### [Requirement]
Only the text of the records, copied exactly, is wanted; no pictures.
"""
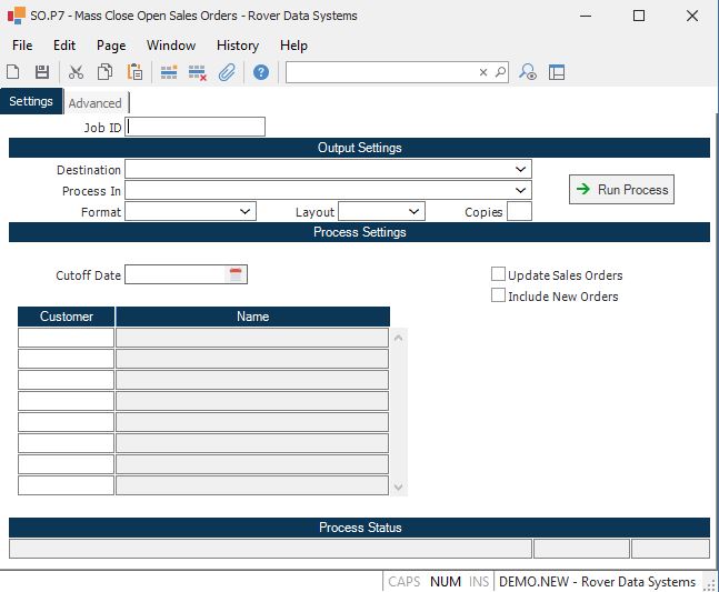 Cutoff Date Enter the cutoff date to be used in this procedure. All open sales orders with an order date less than or equal to the cutoff date will be included. This is a required field.
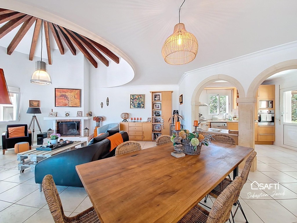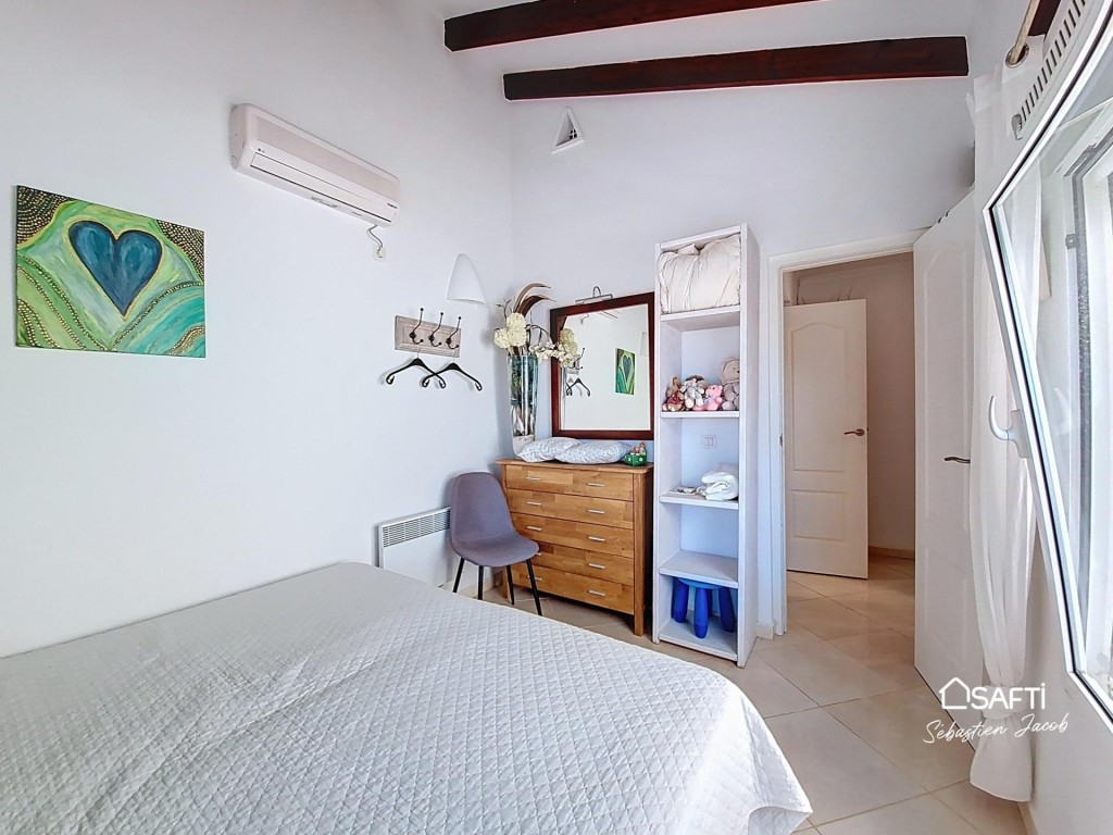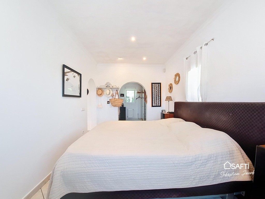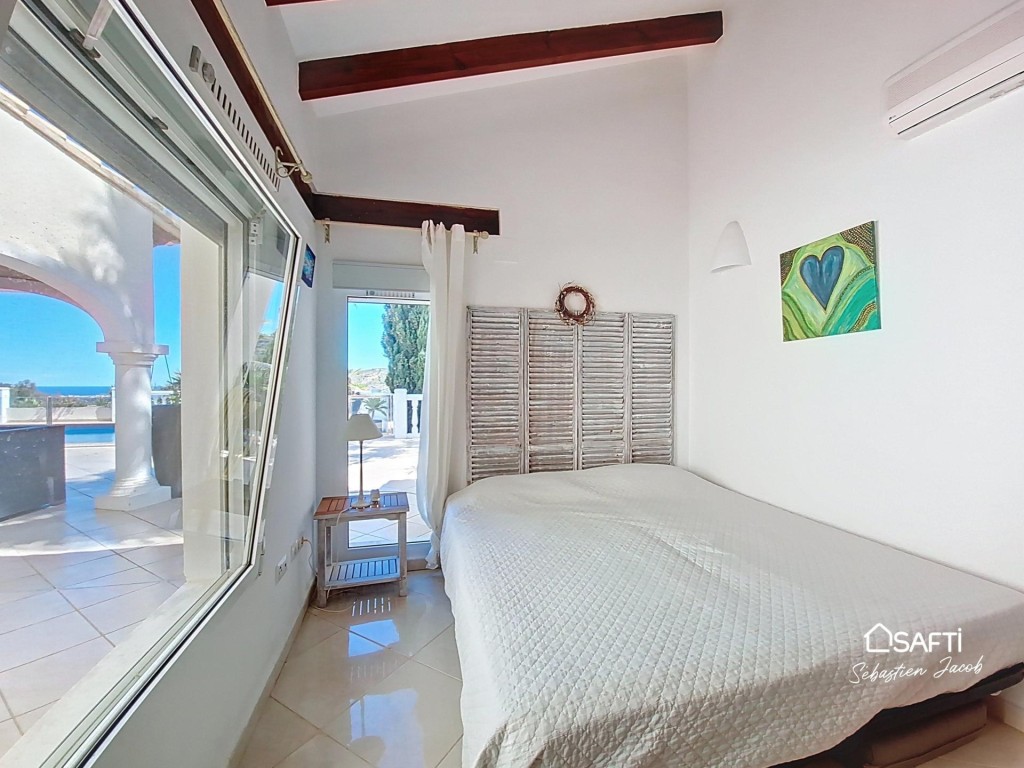 Esta vivienda destaca por su auténtico estilo mediterráneo, con vigas de madera vistas, arcos con piedra tosca y detalles tradicionales que aportan calidez y carácter.
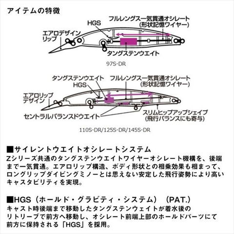 小沼正弥完全監修。テッパンだけでは芸が無い、誰もが苦手にしている堤防、磯等における中層と足元を攻められるぶっ飛びサーチシンキングダイバー。キャスタビリティ・レンジキープ性能を追求したスローシンキング設定ながら、多用するスロー~ミディアムでのレスポンスを徹底追求。小沼の卓越した経験とフィールドテストを繰り返した末にたどり着いた、こだわりの「釣れるハイピッチタイトウォブンロールアクション」が持ち味。「タダ巻きのスローリトリーブ」でもしっかりした引き心地と強烈なフラッシング&波動を発生。また、流れの変化で自動的に生まれるイレギュラースライドアクションが食わせの間を与え、特別なロッドアクションの入力は不要。 ★ 全長:75mm
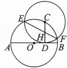 【证明】如图,以$O$为原点,$AB$所在直线为$x$轴,建立平面直角坐标系。 设$|AB|=2r$,$D(a,0)$,则$|CD|=\sqrt{r^{2}-a^{2}}$, $\therefore C(a,\sqrt{r^{2}-a^{2}})$。 $\therefore$圆$O:x^{2}+y^{2}=r^{2}$,圆$C:(x - a)^{2}+(y-\sqrt{r^{2}-a^{2}})^{2}=r^{2}-a^{2}$。 两方程作差得直线$EF$的方程为$2ax + 2\sqrt{r^{2}-a^{2}}y=r^{2}+a^{2}$。 令$x = a$,得$y=\frac{1}{2}\sqrt{r^{2}-a^{2}}$, $\therefore H(a,\frac{1}{2}\sqrt{r^{2}-a^{2}})$,即$H$为$CD$的中点。 $\therefore EF$平分$CD$。
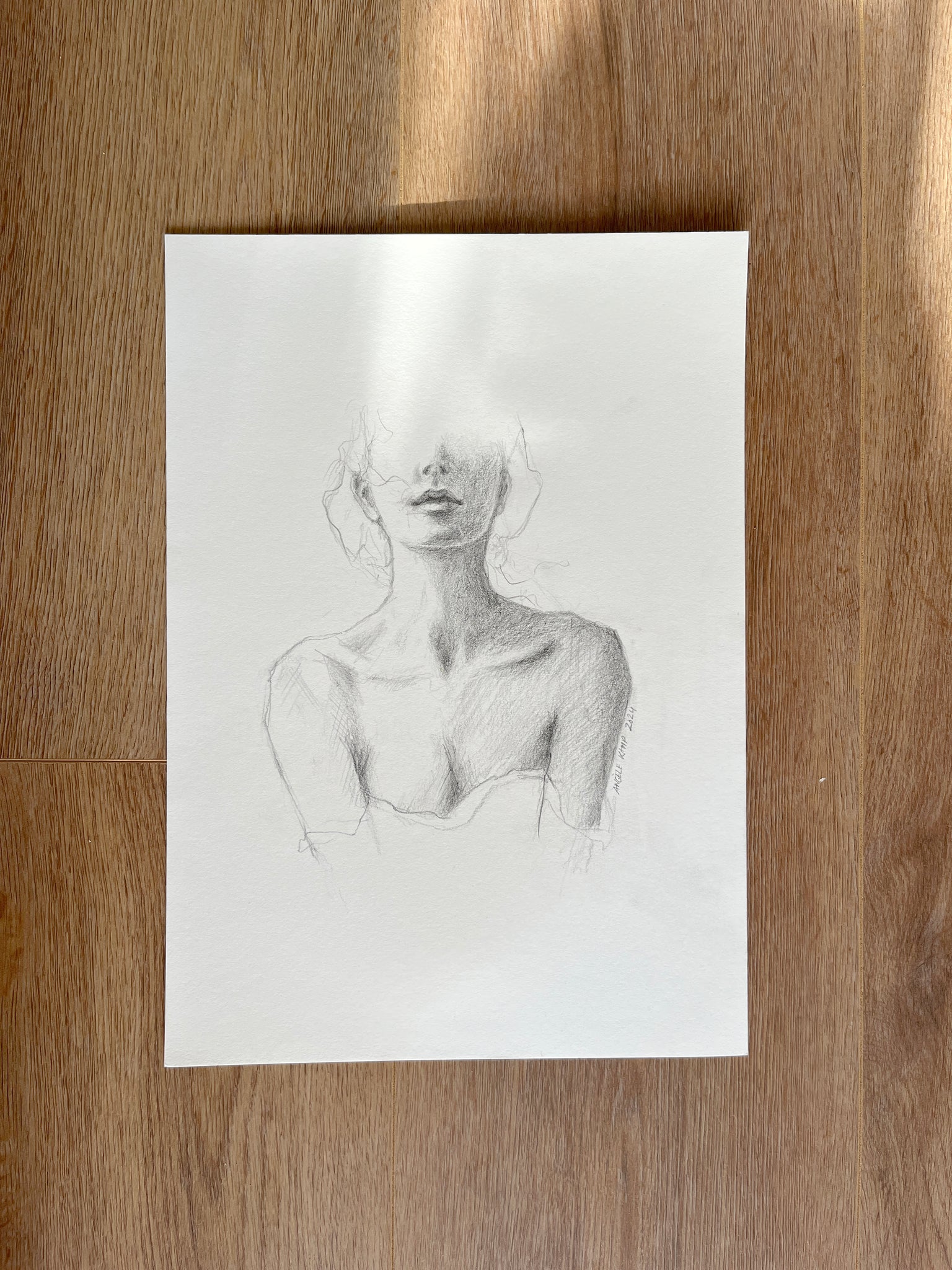 An original pencil sketch from the "Shadows of Her" collection, capturing the elegance and grace of the female form. Delicate lines and subtle shading bring each figure to life, creating a piece that feels intimate and timeless. Perfect for adding sophistication to any modern home, and it pairs beautifully with Angele’s floral watercolor artwork.
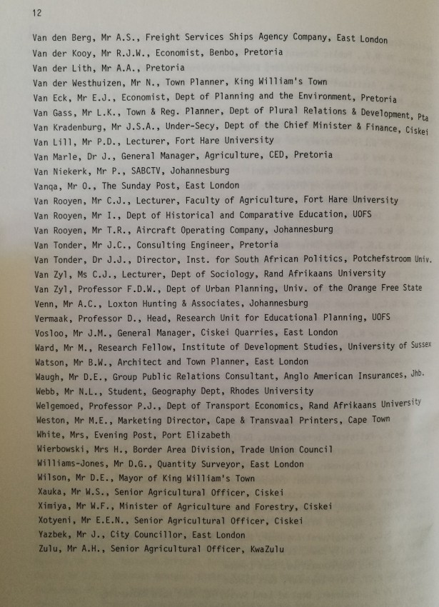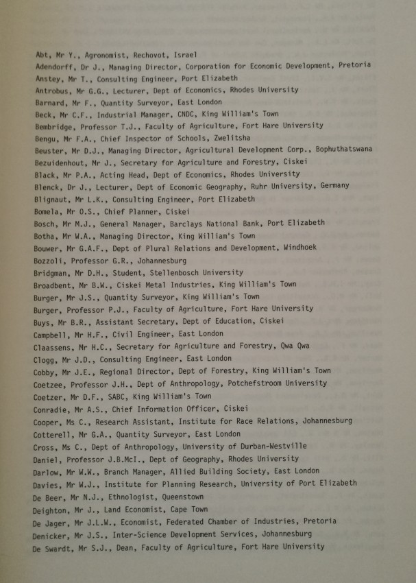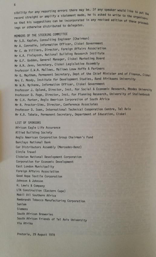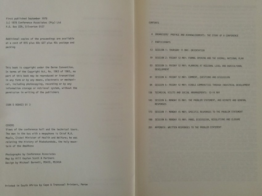 Laminated limp covers illustrated with 9 colour photographs on both faces and with black lettering and a map, which extends over both faces, black printing to the spine, cover versos plain, drawn on to 208 pp of unillustrated b/w text in thread-sewn sections, with the text including lists of steering committee member, sponsors and participants, as well as maps, figures and tables and, on p 142, the reproduction of a playbill (delegates were treated to a special performance of Lerner and Loewe's Camelot - the one-hundredth performance of the production by the King Wlliam's Town Amateur Music and Dramatic Society, described as the oldest dramatic society in South Africa).
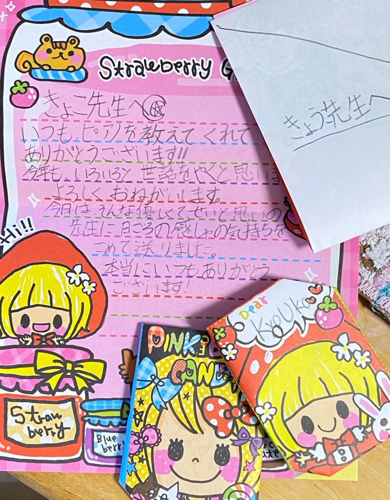 小学生の生徒さんからのお手紙のプレゼント。とってもとっても嬉しい!「生徒思いの先生に日頃の感謝の気持ちをこめて」と書いてくれています。そんな大人っぽい言葉づかいに驚きます。いつも「きょうこ先生」と呼んでくれる彼女。お手紙では「きょこ先生へ」となっているところがたまらなく可愛いです。
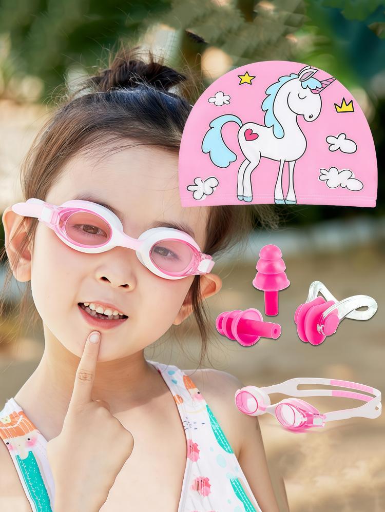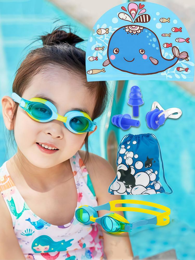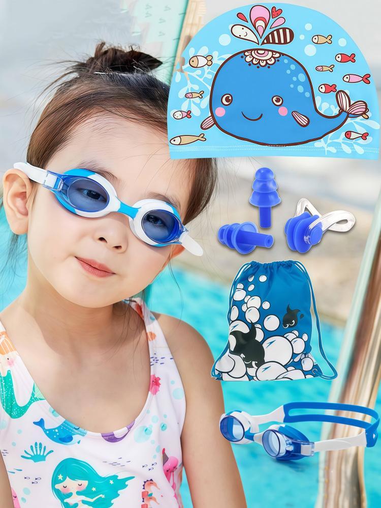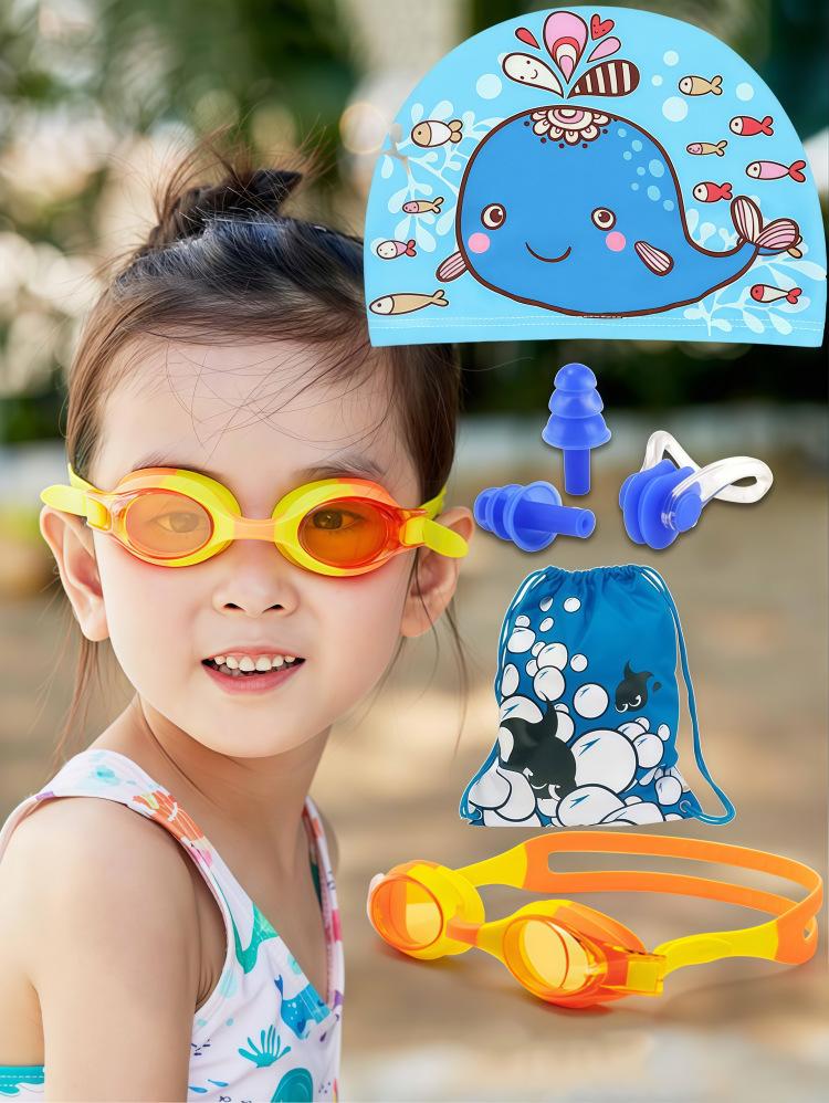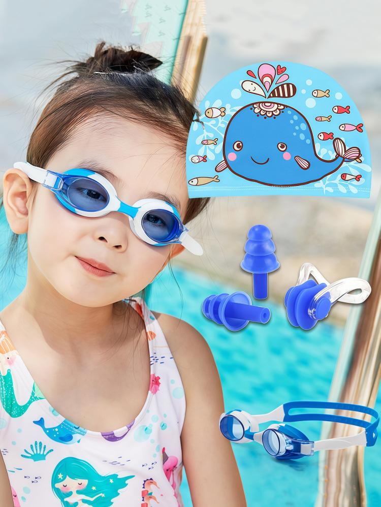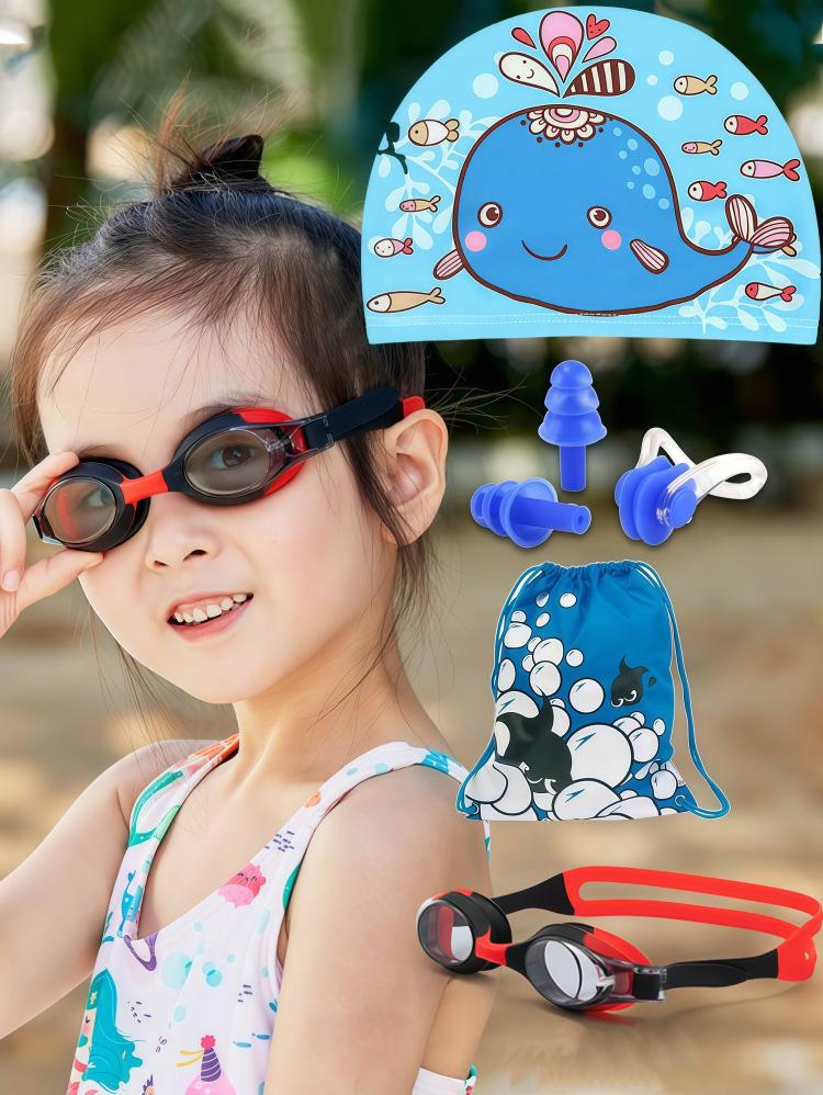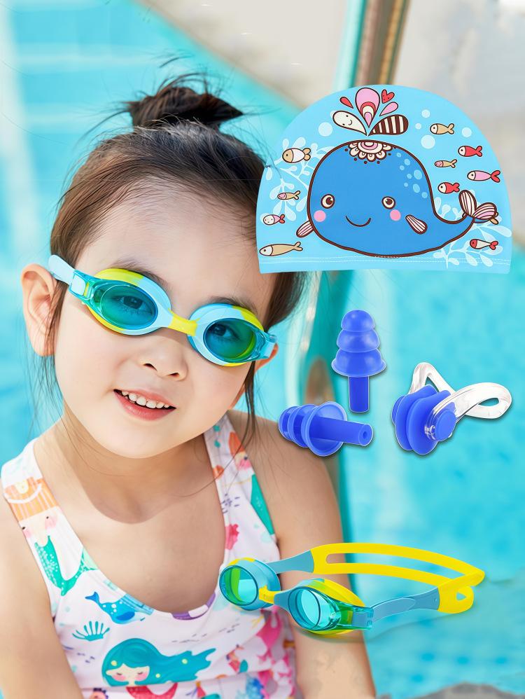 Suministro transfronterizo gafas de natación de silicona antivaho impermeables para niños, gorro de natación, pinza para nariz, juego de tapones para los oídos, generación de natación
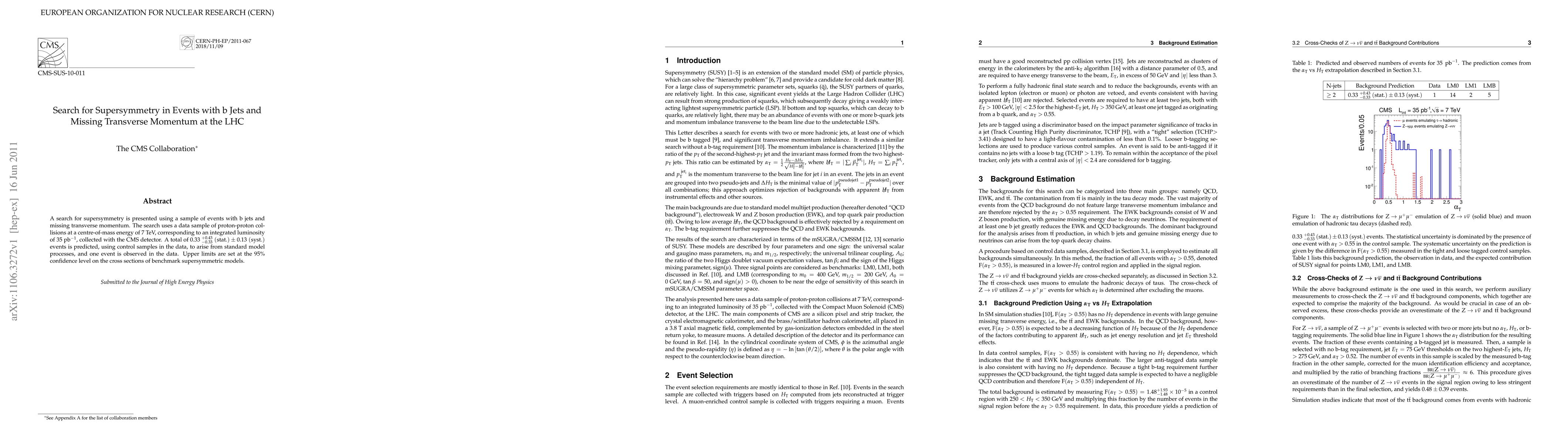 Researchers used data from proton-proton collisions at the LHC to search for supersymmetry, finding only one event and setting upper limits on cross-sections of benchmark models.
"""
### [Response to this exercise]
 Cutoff Date Enter the cutoff date to be used in this procedure. All open sales orders with an order date less than or equal to the cutoff date will be included. This is a required field.
 Esta vivienda destaca por su auténtico estilo mediterráneo, con vigas de madera vistas, arcos con piedra tosca y detalles tradicionales que aportan calidez y carácter.
 小沼正弥完全監修。テッパンだけでは芸が無い、誰もが苦手にしている堤防、磯等における中層と足元を攻められるぶっ飛びサーチシンキングダイバー。キャスタビリティ・レンジキープ性能を追求したスローシンキング設定ながら、多用するスロー~ミディアムでのレスポンスを徹底追求。小沼の卓越した経験とフィールドテストを繰り返した末にたどり着いた、こだわりの「釣れるハイピッチタイトウォブンロールアクション」が持ち味。「タダ巻きのスローリトリーブ」でもしっかりした引き心地と強烈なフラッシング&波動を発生。また、流れの変化で自動的に生まれるイレギュラースライドアクションが食わせの間を与え、特別なロッドアクションの入力は不要。 ★ 全長:75mm
 【证明】如图,以$O$为原点,$AB$所在直线为$x$轴,建立平面直角坐标系。 设$|AB|=2r$,$D(a,0)$,则$|CD|=\sqrt{r^{2}-a^{2}}$, $\therefore C(a,\sqrt{r^{2}-a^{2}})$。 $\therefore$圆$O:x^{2}+y^{2}=r^{2}$,圆$C:(x - a)^{2}+(y-\sqrt{r^{2}-a^{2}})^{2}=r^{2}-a^{2}$。 两方程作差得直线$EF$的方程为$2ax + 2\sqrt{r^{2}-a^{2}}y=r^{2}+a^{2}$。 令$x = a$,得$y=\frac{1}{2}\sqrt{r^{2}-a^{2}}$, $\therefore H(a,\frac{1}{2}\sqrt{r^{2}-a^{2}})$,即$H$为$CD$的中点。 $\therefore EF$平分$CD$。
 An original pencil sketch from the "Shadows of Her" collection, capturing the elegance and grace of the female form. Delicate lines and subtle shading bring each figure to life, creating a piece that feels intimate and timeless. Perfect for adding sophistication to any modern home, and it pairs beautifully with Angele’s floral watercolor artwork.
 Laminated limp covers illustrated with 9 colour photographs on both faces and with black lettering and a map, which extends over both faces, black printing to the spine, cover versos plain, drawn on to 208 pp of unillustrated b/w text in thread-sewn sections, with the text including lists of steering committee member, sponsors and participants, as well as maps, figures and tables and, on p 142, the reproduction of a playbill (delegates were treated to a special performance of Lerner and Loewe's Camelot - the one-hundredth performance of the production by the King Wlliam's Town Amateur Music and Dramatic Society, described as the oldest dramatic society in South Africa).
 小学生の生徒さんからのお手紙のプレゼント。とってもとっても嬉しい!「生徒思いの先生に日頃の感謝の気持ちをこめて」と書いてくれています。そんな大人っぽい言葉づかいに驚きます。いつも「きょうこ先生」と呼んでくれる彼女。お手紙では「きょこ先生へ」となっているところがたまらなく可愛いです。
 Suministro transfronterizo gafas de natación de silicona antivaho impermeables para niños, gorro de natación, pinza para nariz, juego de tapones para los oídos, generación de natación
 Researchers used data from proton-proton collisions at the LHC to search for supersymmetry, finding only one event and setting upper limits on cross-sections of benchmark models.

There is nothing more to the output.